Comment les scientifiques ont fait de la plus haute montagne du monde un laboratoire climatique géant

Une trentaine d'experts a bravé les conditions extrêmes de l'Everest pour mettre au jour des indices sur le réchauffement climatique.

De Freddie Wilkinson
Publication 20 juil. 2020, 10:11 CEST
Quand des scientifiques transforment le plus haut sommet du monde en laboratoire de climatologie
Cet article a été écrit dans le cadre du partenariat entre la National Geographic Society et Rolex destiné à mettre en lumière les menaces qui pèsent sur les écosystèmes essentiels de notre planète par le prisme de la science, de l’exploration et du journalisme.

La fin du printemps est généralement la période idéale pour préparer la saison d'escalade du mont Everest. Mais cette année, à cause de la pandémie de COVID-19, la montagne était inhabituellement calme. Le Népal a interdit toutes les expéditions. La Chine, elle, a interdit l'accès aux alpinistes étrangers mais a permis aux ressortissants chinois de grimper du côté tibétain, notamment une équipe de grimpeurs tentant de mesurer à nouveau la proéminence de la montagne, qui a pu évoluer suite au tremblement de terre de 2015.

Mais alors que la majeure partie du monde de l'escalade a pris acte de ce temps de pause dans l'Everest, un groupe de scientifiques dans des laboratoires répartis à travers l'Europe, les États-Unis et le Népal ont travaillé sur le mont iconique « à distance » - analysant une myriade de données sur la glace, la neige, l'eau et des sédiments. Autant d'échantillons que les chercheurs ont collectés au printemps dernier dans le cadre de l'expédition Everest Perpetual Planet, menée par National Geographic et Rolex. L'objectif du projet était de transformer la plus haute montagne du monde en un laboratoire climatique géant.

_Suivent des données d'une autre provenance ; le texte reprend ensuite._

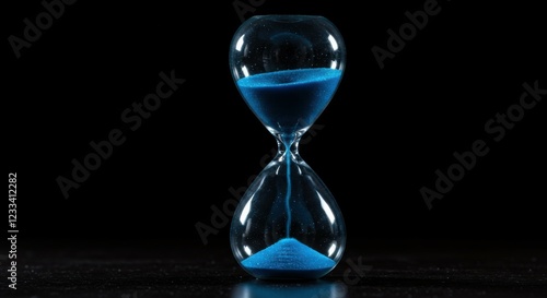 hourglass, glowing blue sand, transparent glass, black background, high contrast, time concept, dramatic lighting, reflective surface, minimalist design, crisp details, studio photography, conceptual

Le climatologue Paul Mayewski tient une section de l'une des carottes de glace extraites sur les pentes supérieures du mont Everest. Les carottes ont été transportées vers les laboratoires de l'Université du Maine où des portions seront fondues et analysées pour expliquer les changements environnementaux au cours des derniers millénaires.

PHOTOGRAPHIE DE Becky Hale, National Geographic

En avril et mai de l'année dernière, une équipe pluridisciplinaire de plus de 30 biologistes, glaciologues, géologues, météorologues et géographes s'est déployée sur le flanc sud de l'Everest, effectuant des travaux sur le terrain en haute montagne, ainsi que dans la vallée du Khumbu. « Nous croyons que la meilleure façon de faire avancer la science sur l'Everest est de ne pas se limiter à une seule discipline scientifique », déclare Paul Mayewski de l'Université du Maine, le chef de file du projet, qui a permis à la National Geographic Society de s'associer avec l'Université de Tribhuvan et le gouvernement népalais.

Chaque étude individuelle devrait donner à voir un instantané unique du climat de la montagne - passé, présent et futur. Les carottes de glace et les carottes de sédiments lacustres fourniront un aperçu de ce à quoi ressemblait l'environnement terrestre au cours des derniers millénaires. Des échantillons de neige et d'eau donneront quant à eux un aperçu de ce qui anime la montagne aujourd'hui, et l'avenir des glaciers, sources indispensables d'eau douce mondiale, principalement pour les populations vivant en aval de l'Everest. L'équipe scientifique a également installé un réseau de stations météorologiques automatisées, qui documentera les tendances météorologiques pour les années à venir.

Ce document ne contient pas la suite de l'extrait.